[TASK OBJECTIVE]: Each record below should be reproduced as it is written, with pictures left out entirely.
= = = = = = =
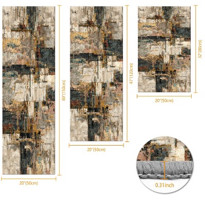3Pcs Kitchen Rug Set Non-Slip Washable Abstract Soft Mat for Kitchen Bathroom Hallway Laundry Sink Floor
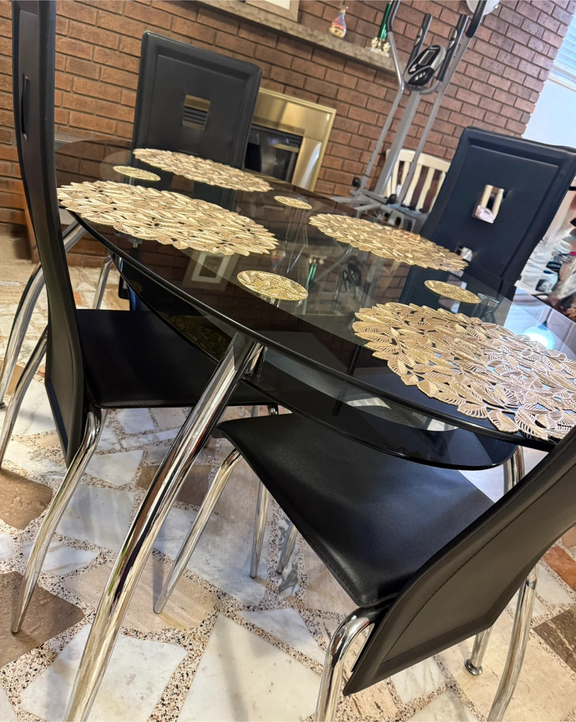 Glass top dining table with a black metal frame, comes with four black faux leather chairs. Chairs have chrome legs. This set includes decorative placemats.
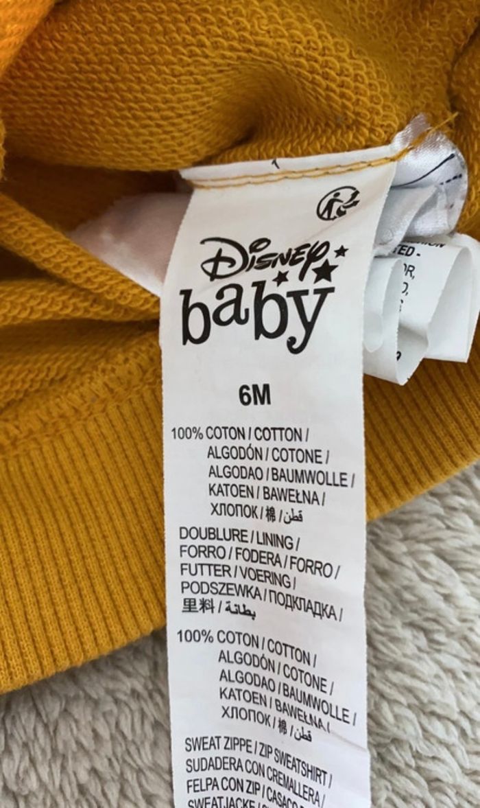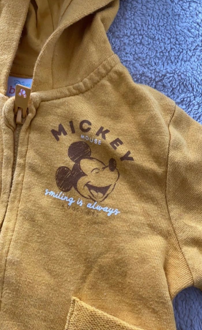 Sweat zippé Disney baby par Kiabi taille 6 mois,bon état , jaune moutarde avec motif Mickey
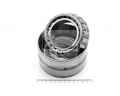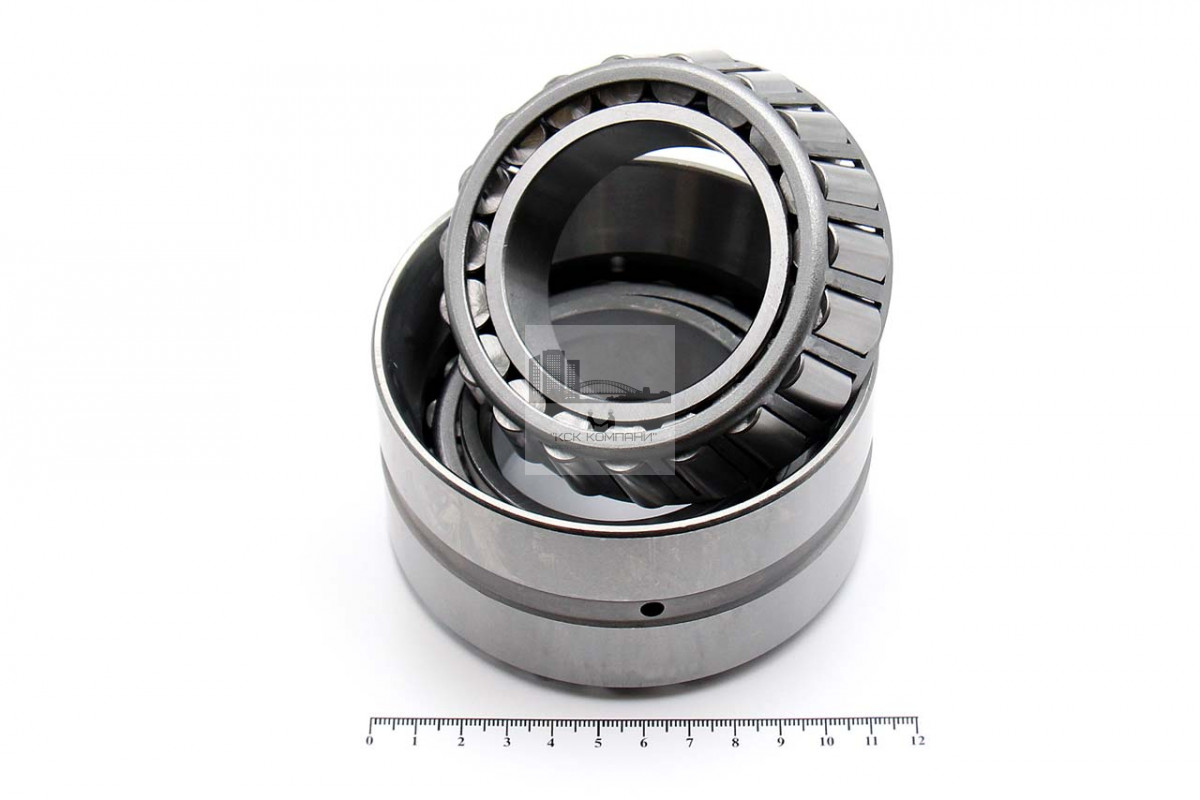 Описание: Подшипник качения роликовый радиально-упорный конический двухрядный типовой с двумя внутренними кольцами.
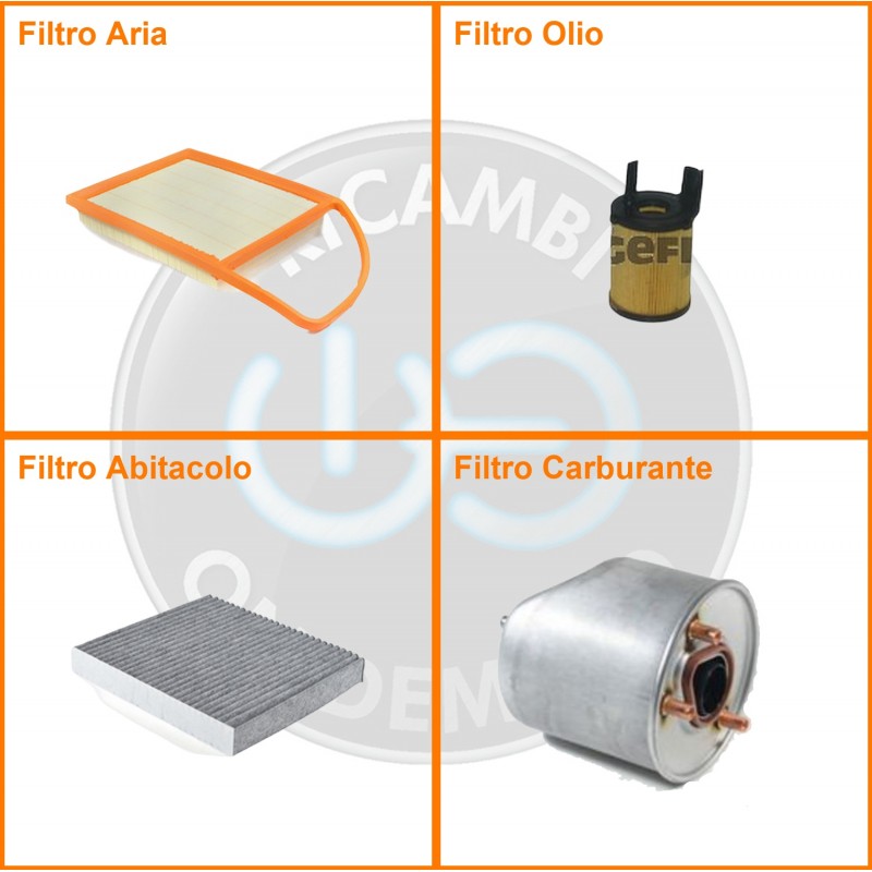 | Composizione | Filtro olio, Filtro abitacolo ai carboni attivi, Filtro aria, Filtro gasolio |
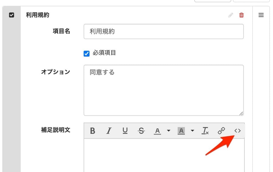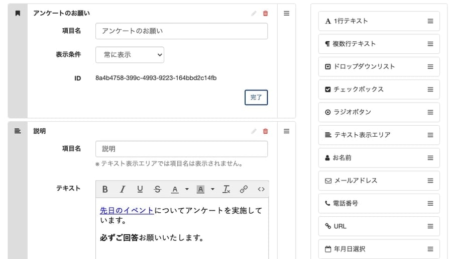 フォームの項目「テキスト表示エリア」のテキスト部分と各項目の「補足説明文」部分では、装飾ボタンが利用できます。
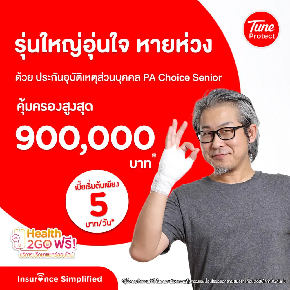 ซึ่งเป็นความคุ้มครองจาก TUNE PROTECT เรามีเเพลนประกันด้วย พีเอช้อยส์ ซีเนียร์ ซึ่งให้ความคุ้มครอง
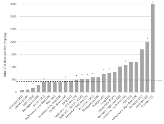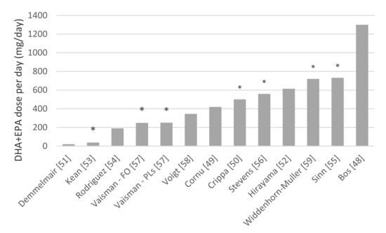 - Meyer, B.J.; De Groot, R.H. Effects of Omega-3 Long Chain Polyunsaturated Fatty Acid Supplementation on Cardiovascular Mortality: The Importance of the Dose of DHA. Nutrients 2017, 9, 1305. [Google Scholar] [CrossRef]
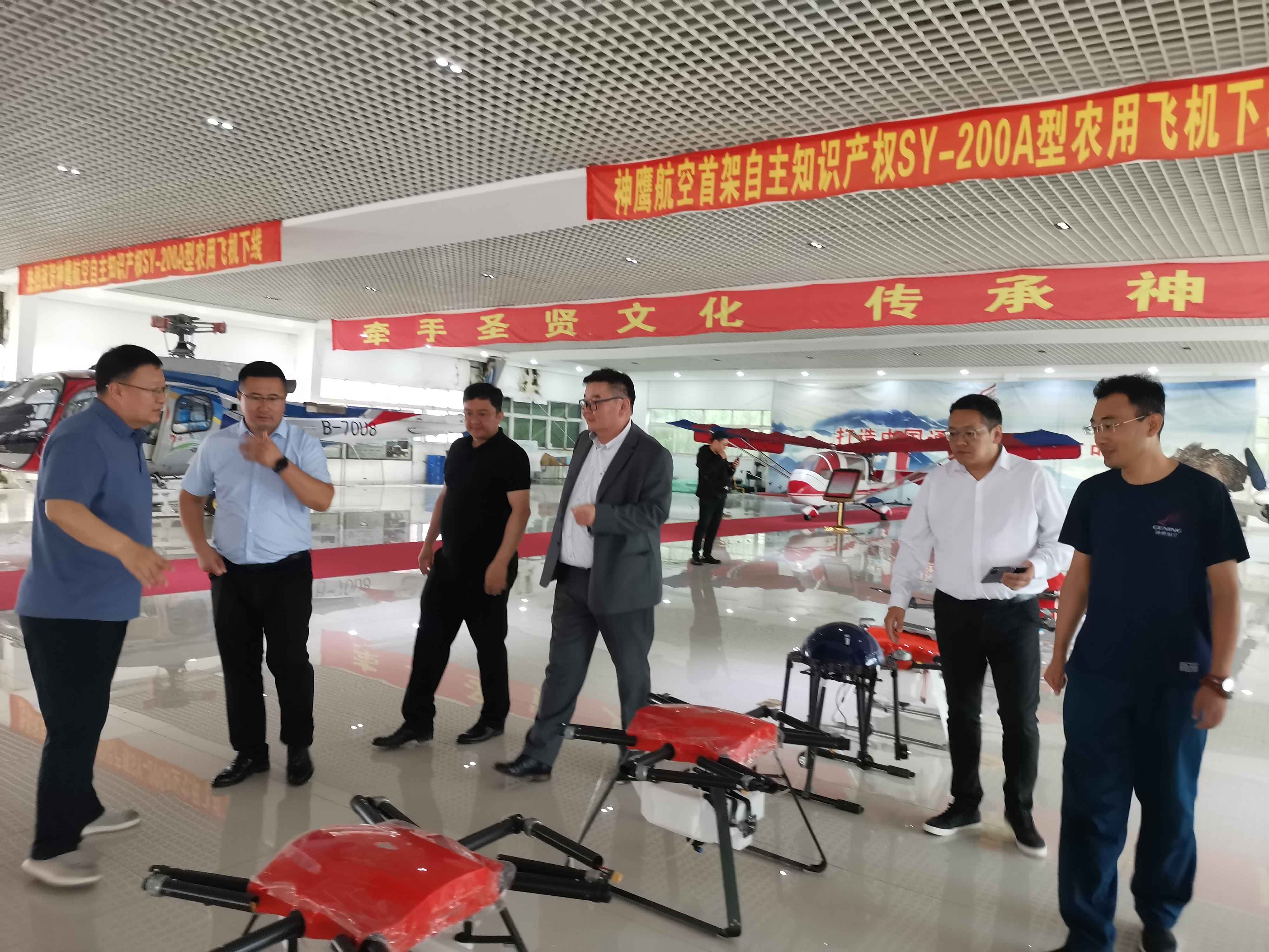 在神鷹航空集團董事長邱志剛及內(nèi)蒙古神鷹飛機制造有限公司相關(guān)技術(shù)專家的陪同下,代表團深入考察了該企業(yè)的飛機展廳。期間,內(nèi)蒙古神鷹飛機制造有限公司重點展示了明星機型 “云天 300” 無人機的卓越性能與廣泛應(yīng)用場景,并通過詳實的技術(shù)匯報,讓代表團深入了解到該機型在農(nóng)業(yè)植保精準化、高原極地物流智能化、應(yīng)急救援高效化等領(lǐng)域的重大突破與顯著成效。尤其值得關(guān)注的是,代表團對 “云天 300” 在蒙古國廣袤地域的應(yīng)用潛力給予高度評價與認可,特別指出其在邊境及國土巡視、物流運輸?shù)汝P(guān)鍵領(lǐng)域展現(xiàn)出強大適用性,市場需求十分迫切。?
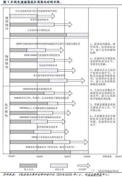 從技術(shù)的角度看,《能源技術(shù)革命創(chuàng)新行動(dòng)計(jì)劃(2016-2030年)》對(duì)不同的儲(chǔ)能技術(shù)在近、中、遠(yuǎn)期分別制定了不同的目標(biāo),可以看做是對(duì)儲(chǔ)能技術(shù)的戰(zhàn)略指導(dǎo)方向,但是文件針對(duì)的是先進(jìn)儲(chǔ)能技術(shù),從規(guī)劃的時(shí)間看,即使是發(fā)展進(jìn)度最快的分布式能源系統(tǒng)中的大容量儲(chǔ)熱/儲(chǔ)冷系統(tǒng)也要在2020年商業(yè)化推廣,而在此期間,對(duì)現(xiàn)有的儲(chǔ)能技術(shù)如何進(jìn)行支持則并沒有提及。
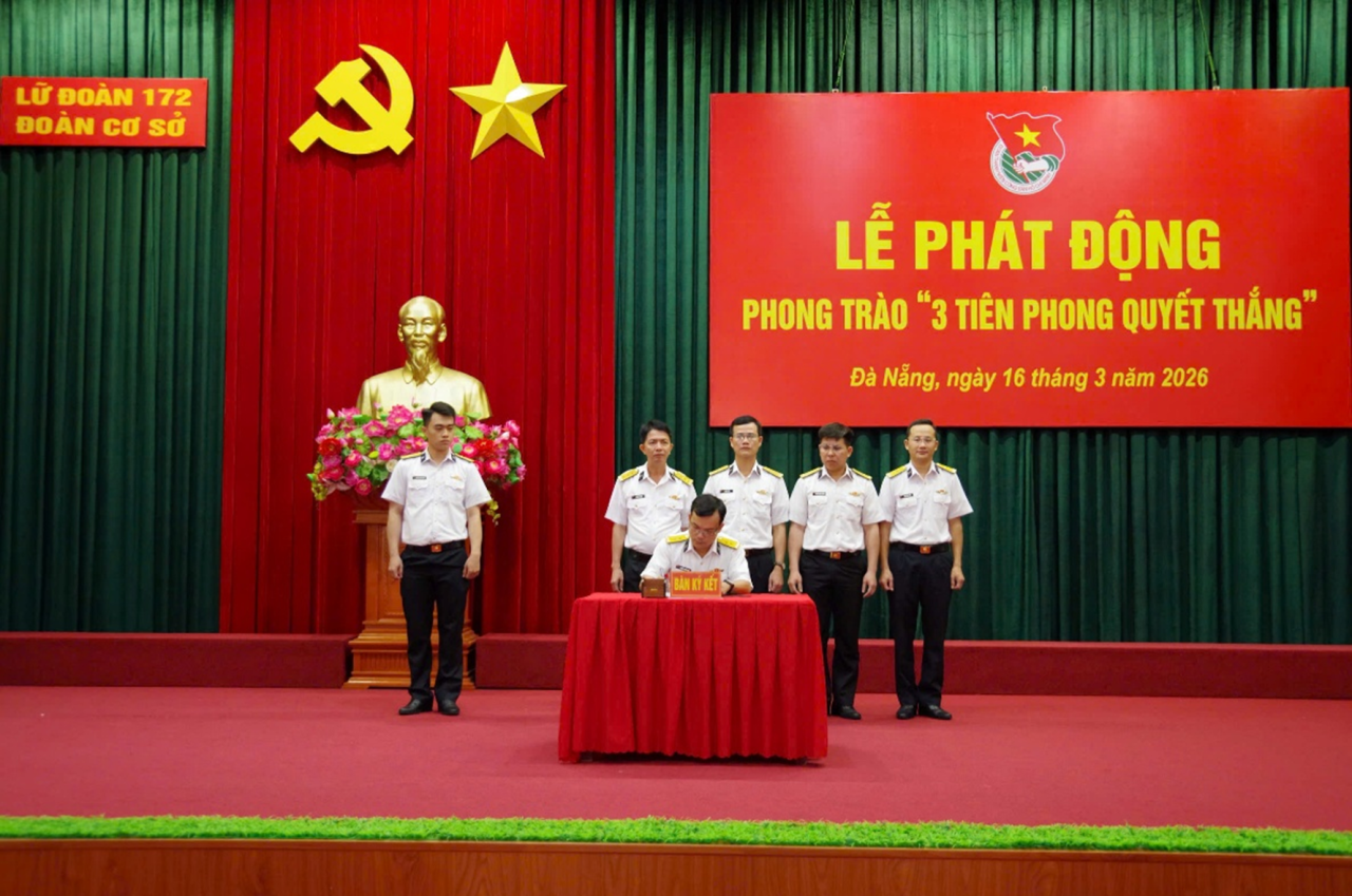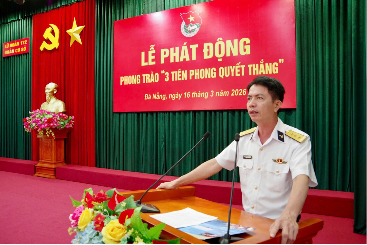 HQ Online - Sáng 16/3, tại Đà Nẵng, Đoàn cơ sở Lữ đoàn 172, Vùng 3 Hải quân tổ chức phát động phong trào “3 tiên phong quyết thắng” trong Thanh niên Lữ đoàn giai đoạn 2025 - 2030. Đại tá Nguyễn Quang Vinh, Phó Chủ nhiệm Chính trị Vùng dự, chỉ đạo. Đây là đơn vị được Vùng 3 chọn phát động làm trước cho toàn Vùng.
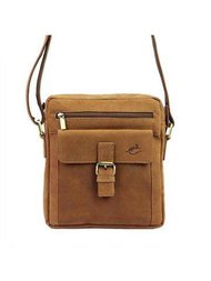 ( ilość produktów: 3 )Saszetka Skórzana Andreas Brązowa Crossbody Nubuk z Złotymi Okuciami H1546
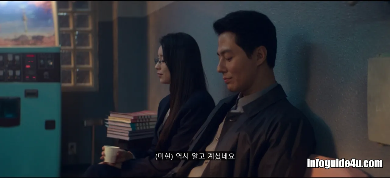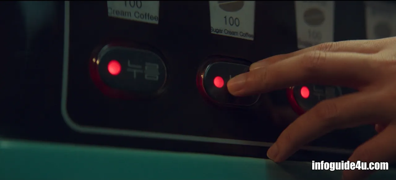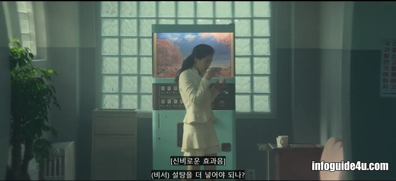 두식은 인사를 끝내고 자리를 뜨려고 하려는 미현에게 동전이 있냐고 물어봅니다. 이에 미현은 두식에게 커피를 한 잔 뽑아줍니다. (이때 사실 두식에게는 동전이 있었습니다. 미현을 붙잡기 위해 일부러 동전이 없는 척한 것으로 보입니다.)
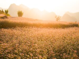 Die Buchweizenfelder in Ha Giang erreichen ihren Höhepunkt zwischen Oktober und November, wenn die Blüten in voller Pracht stehen und ein einzigartiges Naturschauspiel bieten. In diesen Monaten verwandelt sich die gesamte Region in eine märchenhafte Landschaft voller zarter, sanfter Farbtöne.
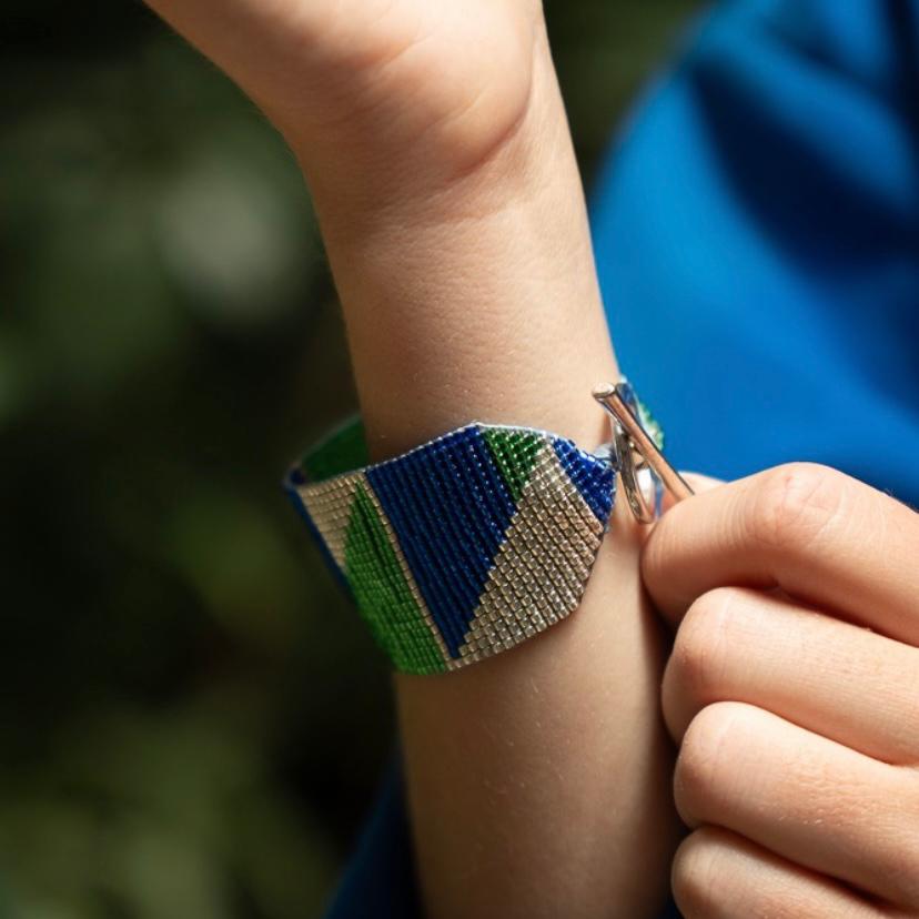 El conjunto Verde Limón, Azul y Plateado incluye los aretes modelo Rigel con broche de plata de Taxco y una Pulsera Geométrica con cierre plateado de acero inoxidable.
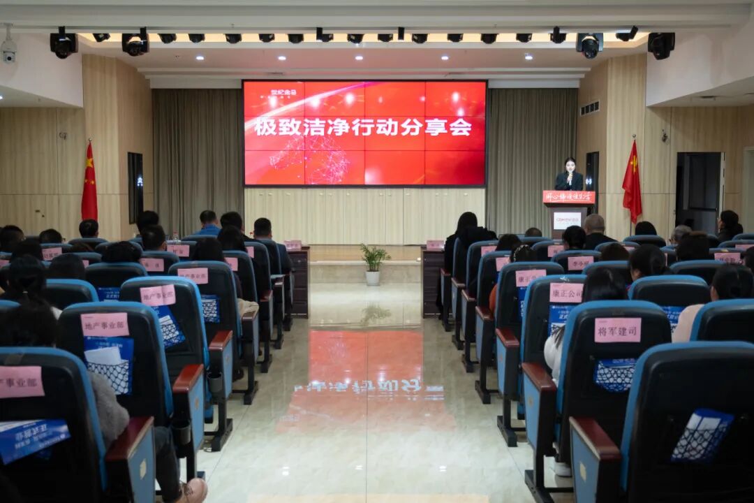 践行扫除道,共筑佳生活|世纪金马“全员极致洁净行动”分享会圆满举行世纪金马自2025年8月起开展了为期三个月的“全员极致洁净行动”。活动开展以来,各单位在办公环境优化及团队协作效率提升等方面均取得了显著成效。 为巩固行动成果,深化全员对扫除道精神的理解与应用。11月18日下午,召开了“践行世纪金马全员极致洁净行动”分享会。集团总裁谢梦龙出席会议,集团各中心/办公室全体人员、地产事业部全体人员、智慧服务事业部项目经理及以上人员、花滩医院科室主任及以上人员、其他分(子)公司全体人员等参加会议。
= = = = = = =
[ANSWER SECTION]:
3Pcs Kitchen Rug Set Non-Slip Washable Abstract Soft Mat for Kitchen Bathroom Hallway Laundry Sink Floor
 Glass top dining table with a black metal frame, comes with four black faux leather chairs. Chairs have chrome legs. This set includes decorative placemats.
 Sweat zippé Disney baby par Kiabi taille 6 mois,bon état , jaune moutarde avec motif Mickey
 Описание: Подшипник качения роликовый радиально-упорный конический двухрядный типовой с двумя внутренними кольцами.
 | Composizione | Filtro olio, Filtro abitacolo ai carboni attivi, Filtro aria, Filtro gasolio |
 フォームの項目「テキスト表示エリア」のテキスト部分と各項目の「補足説明文」部分では、装飾ボタンが利用できます。
 ซึ่งเป็นความคุ้มครองจาก TUNE PROTECT เรามีเเพลนประกันด้วย พีเอช้อยส์ ซีเนียร์ ซึ่งให้ความคุ้มครอง
 - Meyer, B.J.; De Groot, R.H. Effects of Omega-3 Long Chain Polyunsaturated Fatty Acid Supplementation on Cardiovascular Mortality: The Importance of the Dose of DHA. Nutrients 2017, 9, 1305. [Google Scholar] [CrossRef]
 在神鷹航空集團董事長邱志剛及內(nèi)蒙古神鷹飛機制造有限公司相關(guān)技術(shù)專家的陪同下,代表團深入考察了該企業(yè)的飛機展廳。期間,內(nèi)蒙古神鷹飛機制造有限公司重點展示了明星機型 “云天 300” 無人機的卓越性能與廣泛應(yīng)用場景,并通過詳實的技術(shù)匯報,讓代表團深入了解到該機型在農(nóng)業(yè)植保精準化、高原極地物流智能化、應(yīng)急救援高效化等領(lǐng)域的重大突破與顯著成效。尤其值得關(guān)注的是,代表團對 “云天 300” 在蒙古國廣袤地域的應(yīng)用潛力給予高度評價與認可,特別指出其在邊境及國土巡視、物流運輸?shù)汝P(guān)鍵領(lǐng)域展現(xiàn)出強大適用性,市場需求十分迫切。?
 從技術(shù)的角度看,《能源技術(shù)革命創(chuàng)新行動(dòng)計(jì)劃(2016-2030年)》對(duì)不同的儲(chǔ)能技術(shù)在近、中、遠(yuǎn)期分別制定了不同的目標(biāo),可以看做是對(duì)儲(chǔ)能技術(shù)的戰(zhàn)略指導(dǎo)方向,但是文件針對(duì)的是先進(jìn)儲(chǔ)能技術(shù),從規(guī)劃的時(shí)間看,即使是發(fā)展進(jìn)度最快的分布式能源系統(tǒng)中的大容量儲(chǔ)熱/儲(chǔ)冷系統(tǒng)也要在2020年商業(yè)化推廣,而在此期間,對(duì)現(xiàn)有的儲(chǔ)能技術(shù)如何進(jìn)行支持則并沒有提及。
 HQ Online - Sáng 16/3, tại Đà Nẵng, Đoàn cơ sở Lữ đoàn 172, Vùng 3 Hải quân tổ chức phát động phong trào “3 tiên phong quyết thắng” trong Thanh niên Lữ đoàn giai đoạn 2025 - 2030. Đại tá Nguyễn Quang Vinh, Phó Chủ nhiệm Chính trị Vùng dự, chỉ đạo. Đây là đơn vị được Vùng 3 chọn phát động làm trước cho toàn Vùng.
 ( ilość produktów: 3 )Saszetka Skórzana Andreas Brązowa Crossbody Nubuk z Złotymi Okuciami H1546
 두식은 인사를 끝내고 자리를 뜨려고 하려는 미현에게 동전이 있냐고 물어봅니다. 이에 미현은 두식에게 커피를 한 잔 뽑아줍니다. (이때 사실 두식에게는 동전이 있었습니다. 미현을 붙잡기 위해 일부러 동전이 없는 척한 것으로 보입니다.)
 Die Buchweizenfelder in Ha Giang erreichen ihren Höhepunkt zwischen Oktober und November, wenn die Blüten in voller Pracht stehen und ein einzigartiges Naturschauspiel bieten. In diesen Monaten verwandelt sich die gesamte Region in eine märchenhafte Landschaft voller zarter, sanfter Farbtöne.
 El conjunto Verde Limón, Azul y Plateado incluye los aretes modelo Rigel con broche de plata de Taxco y una Pulsera Geométrica con cierre plateado de acero inoxidable.
 践行扫除道,共筑佳生活|世纪金马“全员极致洁净行动”分享会圆满举行世纪金马自2025年8月起开展了为期三个月的“全员极致洁净行动”。活动开展以来,各单位在办公环境优化及团队协作效率提升等方面均取得了显著成效。 为巩固行动成果,深化全员对扫除道精神的理解与应用。11月18日下午,召开了“践行世纪金马全员极致洁净行动”分享会。集团总裁谢梦龙出席会议,集团各中心/办公室全体人员、地产事业部全体人员、智慧服务事业部项目经理及以上人员、花滩医院科室主任及以上人员、其他分(子)公司全体人员等参加会议。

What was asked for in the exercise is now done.